Abstract
Background
Healthcare workers face an elevated risk of chronic stress and burnout, for which resiliency interventions are needed.
Methods
The Stress Management and Resiliency Training Program (SMART-3RP; 8 weekly 90-minute sessions) was offered to 254 hospital employees between 2/2021 and 1/2024. Participants were surveyed pre- and post-intervention for measures of resiliency, stress coping, positive affect, perceived stress, anxiety, and depression.
Results
The baseline sample was 84% female, 89.5% non-Hispanic, 71.3% White, and averaged 45 years of age (SD = 14.25). Baseline and follow-up survey completion rates were 71.3% (N = 181) and 35.8% (N = 91), respectively. Significant improvements were seen pre-post intervention for all measures (all ps <.001): resiliency (d = 0.57), stress coping (d = 1.1), positive affect (d = 0.83), perceived stress (d = −0.88), anxiety (d = −0.74), and depression (d = −0.43).
Conclusions
Alleviating employee stress is crucial for improving individual, clinical, and systems-level outcomes in hospitals. The SMART-3RP is a promising program that provides healthcare workers with resiliency and stress coping skills.
Introduction
Healthcare workers (HCWs) face an elevated risk of chronic stress due to the demands of their profession, 1 which, when left unmanaged, can lead to worsened mental and physical health. 2 As of 2022, HCWs in the U.S. reported alarming levels of burnout (46%), anxiety (57%), and depression (34%), 3 symptoms of which may include difficulty sleeping, 4 fatigue,5,6 irritability, 7 and lack of motivation that may bleed into other facets of life besides work. 8 Such chronic stress has been found to contribute to poorer perceived health, 9 increased risk for chronic medical conditions (such as cardiovascular disease 10 and substance use disorders 11 ), and even mortality. 12 Paradoxically, those dedicated to caring for others are themselves at high risk for compromised health due to workplace stress. Not only does this issue directly affect the lives of HCWs, but given their critical role, it can indirectly impact clinical care quality and hospital system efficiency: exhausted HCWs exhibit impaired teamwork and communication (a predictor of patient safety),13-15 reduced caring behavior toward patients, 16 decreased productivity and efficiency,17,18 and higher rates of turnover. 19 As a result, the material costs of burnout to the healthcare system are staggering—an estimated $4.6 billion is lost to burnout each year. 20 Thus, addressing stress among HCWs is valuable from individual, clinical, and systems-level perspectives.

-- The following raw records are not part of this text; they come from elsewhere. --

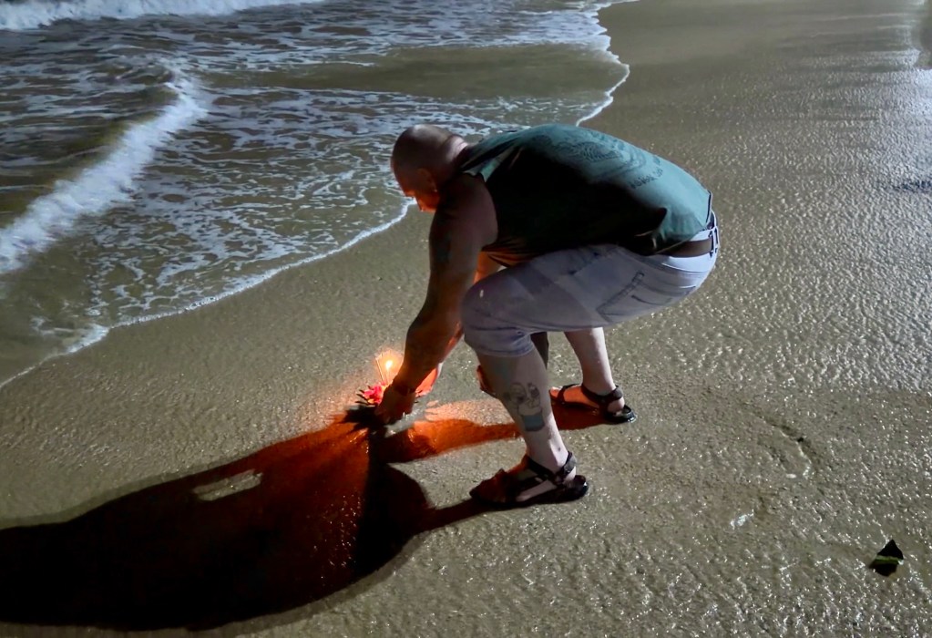 Leider haben wir in Ao Nang keine Flüsse oder Seen, sondern nur das Meer mit Wellengang. Das macht es schwierig bis unmöglich einen Krathong, das Blumenkörbchen, wohlbehalten zum schwimmen zu bringen. Nach wenigen Sekunden kam die Welle und kippte das Körbchen um. Aber wir haben es versucht. Der Wille zählt.
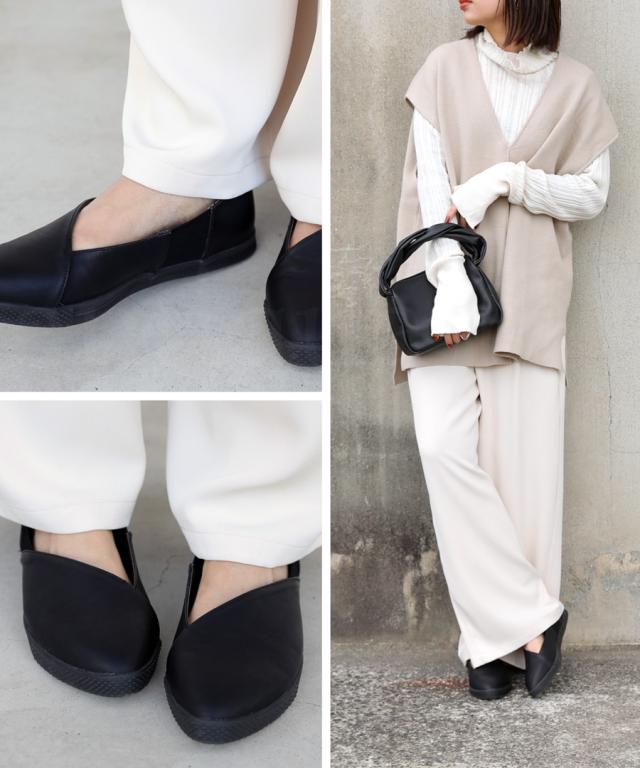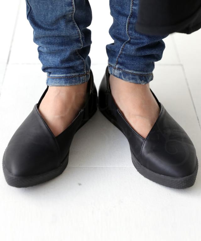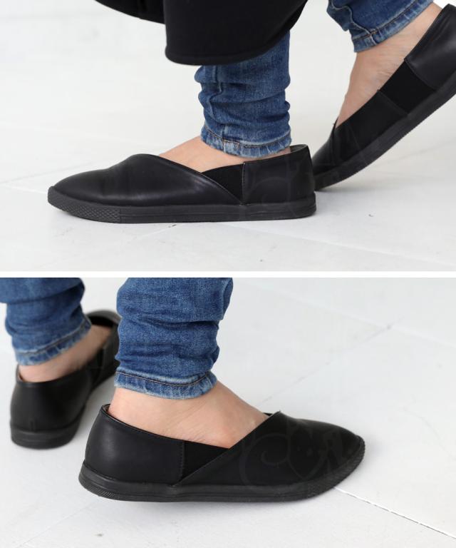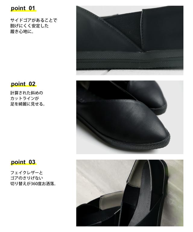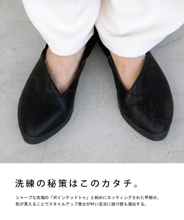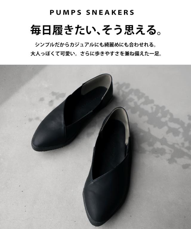 pc-00018 パンプス スニーカー 痛くない 歩きやすい ぺたんこ フラット フラットシューズ ローヒール ポインテッドトゥ ゴア サイドゴム シンプル きれいめ 斜めカット 本革風 マット
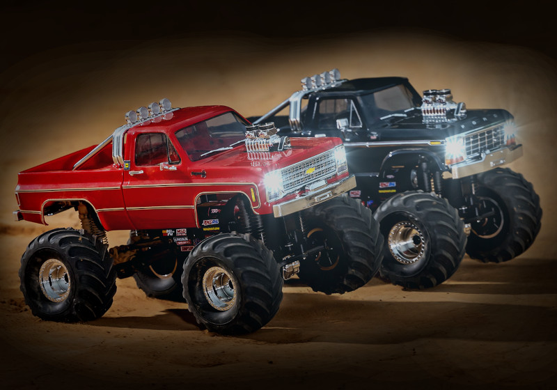 RC model auta Traxxas TRX-4MT Chevrolet K10 v edici Monster Truck s vyšší světlou výškou, obřími koly, úžasnou všestranností a schopnostmi. 4-bodové zavěšení, dvojité olejové tlumiče, kovové převody serva, úhel zatáčení 45°, bez-sponková karoserie, LED světlomety. Baterie 2S LiPo a USB nabíječ.
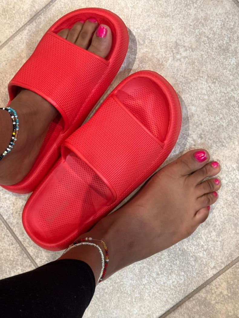13. A pair of lightweight, entirely waterproof cloud pillow slippers for anyone whose feet are pretty little princesses who need to be pampered at all times. These are near weightless, but have a cushioned, thick sole that absorbs impact on hard floors and surfaces. Reviewers with arthritis and plantar fasciitis also swear by these for alleviating foot pain!
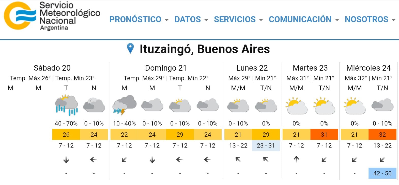 El informe elaborado por el Servicio Meteorológico Nacional (MSN) ha anticipado que, a lo largo de este fin de semana, la jornada se presentará inestable con la probabilidad de chaparrones durante el desarrollo de ambos días. Además, según lo informado por el SMN, la temperatura -en localidades como Ituzaingó, Morón y Hurlingham- oscilará entre los 24 y los 28 grados.
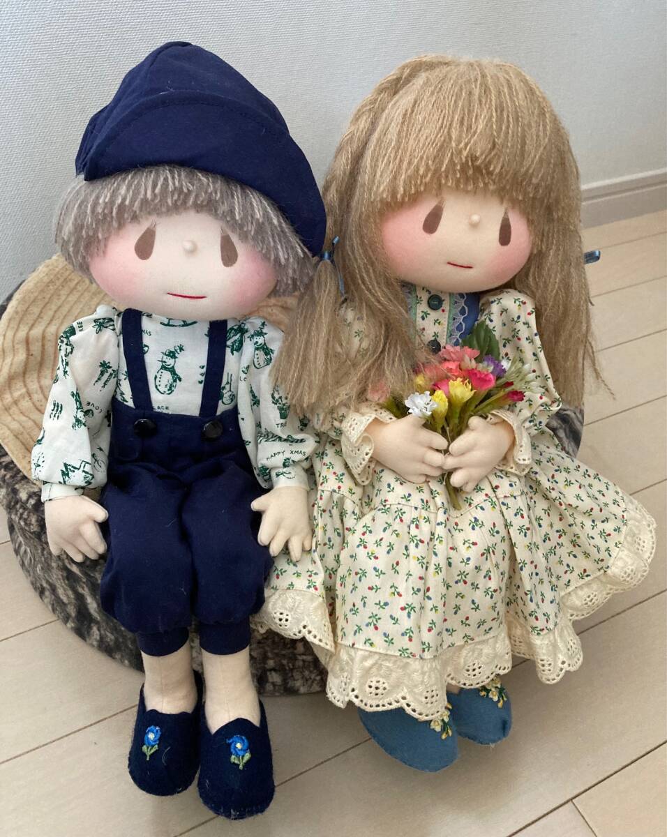 - 手作りドール 2体セット 男の子&女の子 腰掛け人形
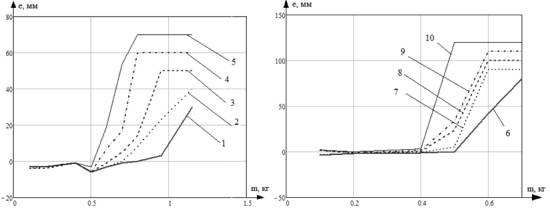 – payload is 0.15 kg, 2 – 0.25 kg, 3 – 0.45 kg, 4 – 0.55 kg, 5 – 0.65 kg, 6 –
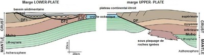 Cependant la répartition géographique des portions Upper et Lower est la aussi très "cahotique" puisque sur la même marge on peut observer la succession de domaines Upper et Lower (fig. 22). Les études ont pu mettre en évidence que latéralement on passe d'une Upper à une Lower par deux types de jonctions, soit par une coupure nette (sharp trasfert) par le biais d'une faille soit par une zone diffuse (diffuse transfert). Ce second type de frontière semble être le résultat de la délamination d'un haut topographique.
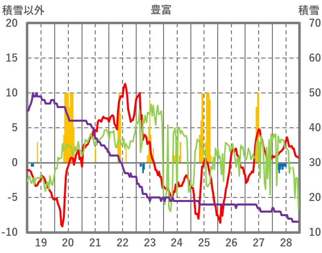 | 日 | 時 | 気温 | 降水 | 風向/風速 | 日照 | 積雪 | 降雪 |
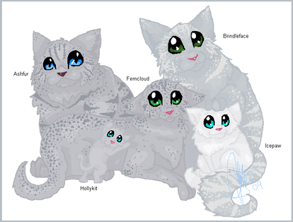 I know, his daughter could be blue-gray or blue-silver and maybe have white-tipped fur. Like how Echomist in Crookedstar's Promise is gray with white-tipped fur that makes her look 'cloudy'...Sugarkit wouldn't be bad, neither would Twilightkit or Cloudykit? She sounds beautiful and so tragic.

As the COVID-19 pandemic brought a surge of added stress to hospitals through excessive workloads and unexpected changes in safety and policy, many studies reported heightened levels of emotional exhaustion, compassion fatigue, and depersonalization in HCWs. 21 Some found that repeated exposure to pandemic-related deaths, uncertainty, and overwork related to the pandemic appeared to be drivers of the spike in HCWs’ anxiety and stress, 22 as well as psychiatric symptoms and diagnoses (e.g., PTSD, anxiety, and depression),23,24 which some have reported as persisting up to 3 years after the start of the pandemic. 25 These findings underscore the urgent need for interventions supporting this population.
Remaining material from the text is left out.